CNBr cleavage of the SecR theoretically results in 11 fragments ranging in molecular mass from 1–11 kDa, three of which contain sites of glycosylation. Shown is a representative autoradiograph of a 10% NuPAGE gel used to separate the products of CNBr cleavage of the SecR labeled with the (BzBz)Lys18 probe. The CNBr fragment of the labeled receptor migrated at approximate Mr = 19,000 that shifted to Mr = 10,000 after deglycosylation (typical of 10 experiments). The first fragment at the amino terminus of the receptor and the third fragment were the best potential candidates to represent the domain of labeling.

 
To further determine which of these fragments represented the domain of labeling with the (BzBz)Lys18 probe, two well-characterized HA (hemagglutinin) epitope-tagged receptor mutants (SecR-HA37 and SecR-HA79) (11) were used in immunoprecipitation experiments with anti-HA antibody.

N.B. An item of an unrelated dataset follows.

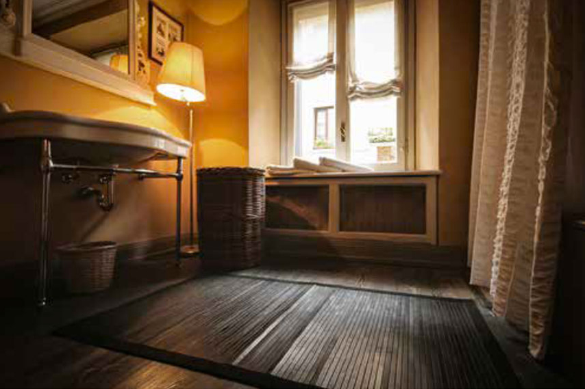 I pavimenti in listoni grezzi in parquet dipinto e insabbiato con colori chiari contribuiscono a dare maggior ampiezza e respiro alle stanze.

Figure 4Go shows that both intact mutant receptors were labeled with the (BzBz)Lys18 probe, with both well recognized by the anti-HA antibody. However, after CNBr cleavage, only immunoprecipitated fragment 1 from the labeled SecR-HA37 mutant receptor was radioactive. This provides definitive identification of the domain of covalent attachment with the (BzBz)Lys18 probe as CNBr fragment 1.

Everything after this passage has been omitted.